Property Tax Incentives for Business–Another Folly

A Worthy Report on Property Tax Incentives for Business

The Lincoln Institute of Land Policy has issued an exceptionally valuable report on state and local misuse of property tax incentives for economic development. Its authors are Daphne A. Kenyon, Adam H. Langley, and Bethany P. Paquin. Ms Kenyon is well known as the principal author of the New Hampshire Business Enterprise Tax, an income VAT, enacted during the Hugh Gregg administration while she was Budget Secretary in that state. She and Mr. Langley are co-authors of a companion monograph on Payments in Lieu of Taxes: Balancing Municipal and Nonprofit Interests.

The study of property tax incentives for business amounts to a devastating critique of the practices of the City of Baltimore, where scarcely a new commercial building has been erected in the last 25 years without a tax abatement of some sort. The study declares the following conclusions:

“Several characteristics mark successful policies for promoting local business growth. First, these strategiees are focused on increasing local productivity, not merely reducing business costs. Policies that boost productivity are usually more effective than tax incentives or cash subsidies, because profits can increase directly through financial incentives that lower business ciosts and indirectly with higher productivity. . . Second, these policies should build on local competitive advantages, such as existing industrial specialties, advantageous geographic locations or local universities. . . Third, policies should focus on export-based firms that sell a large share of their goods and services outside the region. Finally, policies focused or small or medium sized firms may be more successful.. .

Most Effective Options

Customized job training. Businesses are treated as clients under these programs, with training designed to meet the specifications of each firm. Research suggests that thse programs are ten to 25 times more cost-effective in creating jobs than tax incentives. The most cost-effective programs cover the costs of training, but not salaries, and require firms to share training costs to ensure that they are useful from their perspective. North Carolina’s customized training programs offer an excellent example.

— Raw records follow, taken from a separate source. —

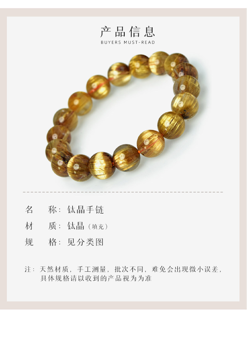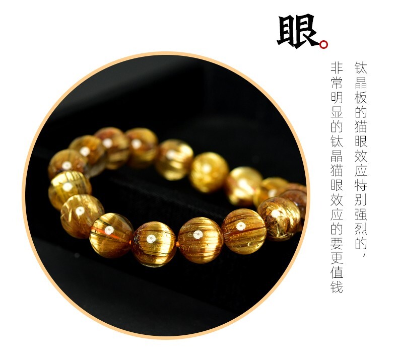 Putuo Mountain Golden Hair Crystal Bracelet for Women, Full Hair Cat's Eye Yellow Crystal Titanium Crystal Bracelet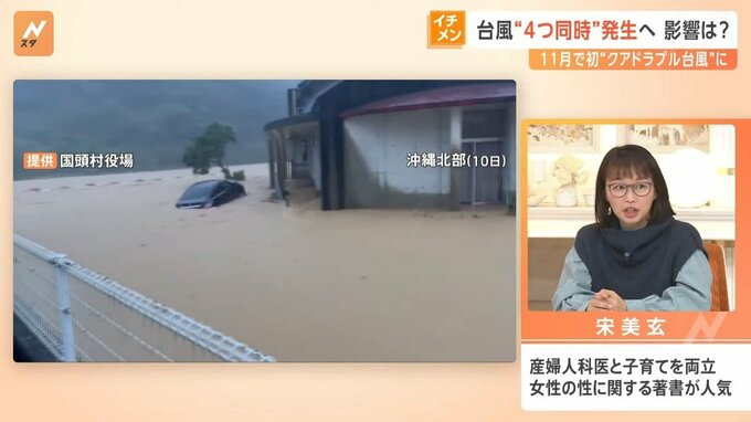 「11月なのに台風か」と皆さん驚かれるとは思いますが、やはり、近づくとまた大雨になる心配もあります。今週は沖縄・奄美でまだまだ油断できない状況が続くので、雨の降り方に十分に注意をしてもらえたらなと思います。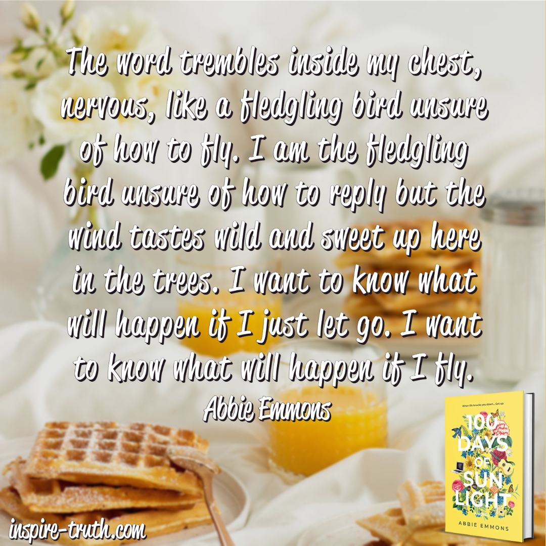 “The word trembles inside my chest, nervous, like a fledgling bird unsure of how to fly. I am the fledgling bird unsure of how to reply, but the wind tastes wild and sweet up here in the trees. I want to know what will happen if I just let go. I want to know what will happen if I fly.” ~ Abbie Emmons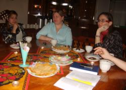 После концерта состоялась самая приятная часть знакомства - чаепитие; за чашкой чая молодые люди договорились о том, что такие встречи должны стать традиционными. В ближайших планах - совместное празднование Всероссийского праздника студентов - Татьянина дня.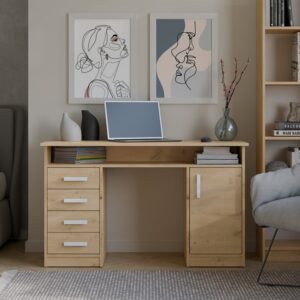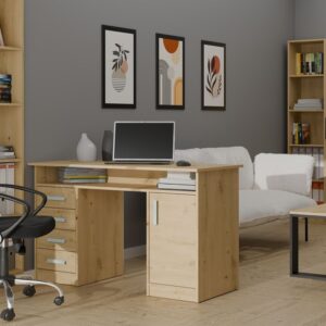 Wyposażone w 4 szuflady oraz zamykany 1 drzwiami schowek z 2 półkami, zapewnia dużo miejsca do przechowywania dokumentów, książek czy akcesoriów biurowych. Dodatkowa otwarta półka pod blatem idealnie sprawdzi się na drobne przedmioty, laptopa czy zeszyty.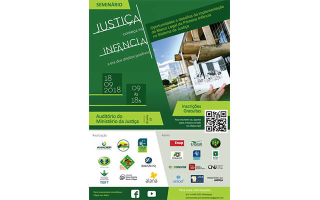 O seminário é uma iniciativa conjunta da Vara da Infância e da Juventude do Distrito Federal (VIJ-DF), da Associação Brasileira dos Magistrados da Infância e da Juventude (Abraminj), do Fórum Nacional da Justiça Protetiva (Fonajup), da Fundação Maria Cecília Souto Vidigal, do Instituto Alana, do Instituto Brasileiro de Direito da Criança e do Adolescente (IBDCRIA-ABMP), do Fórum Nacional dos Membros do Ministério Público da Infância e Adolescência (Proinfância) e da Rede Nacional Primeira Infância (RNPI), com o apoio do Ministério da Justiça, da Associação dos Magistrados Brasileiros (AMB), do Fórum Nacional da Justiça Juvenil (Fonajuv), do Fórum Nacional da Justiça Criminal (Fonajuc), da Fundação Bernard van Leer e do Fundo das Nações Unidas para a Infância (Unicef).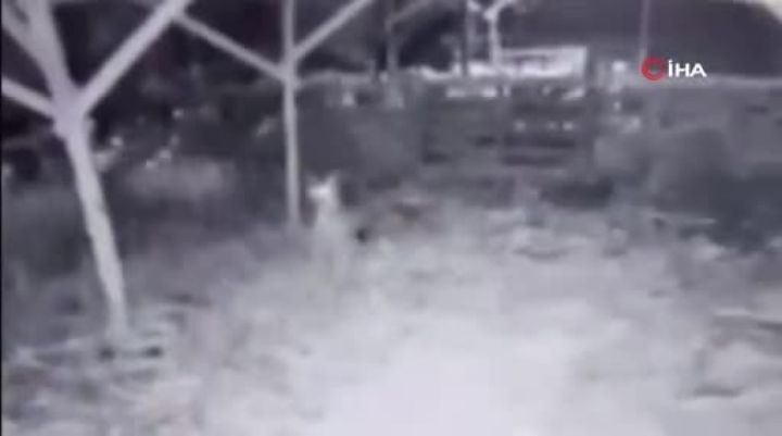 Bursa'da koyunların bulunduğu ahıra girmeyi başaran kurt, 2 koyunu yaralarken 1 kuzuyu da alarak girdiği yerden çıkarak kaçtı. Saldırı anı güvenlik kamerasına saniye saniye yansıdı.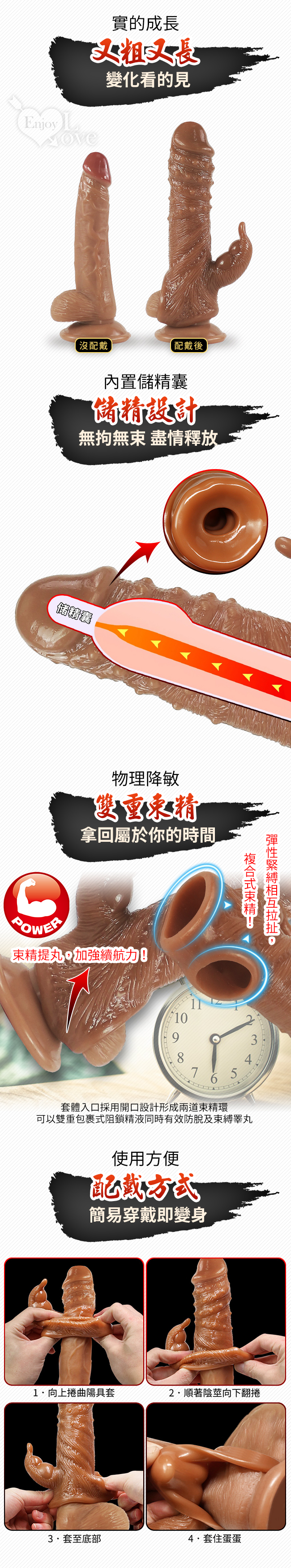 套身上再特別設計另一小頭,專門在進行性愛運動時,負責刺激女性陰蒂部位,更快進入高潮境界。

Labor market intermediaries. These programs focus on matching unemployed workers with firms lookibng to hire. “First source” programs consult with businesses on their labor needs and screen them for local employers, so a larger percentage of new hires are productive. . .

Regulatory assistance. Government staff is in a good position to assist firms with complex eregulations and taxes, provide information on useful programs, and resolve issues with state and federal agencies.”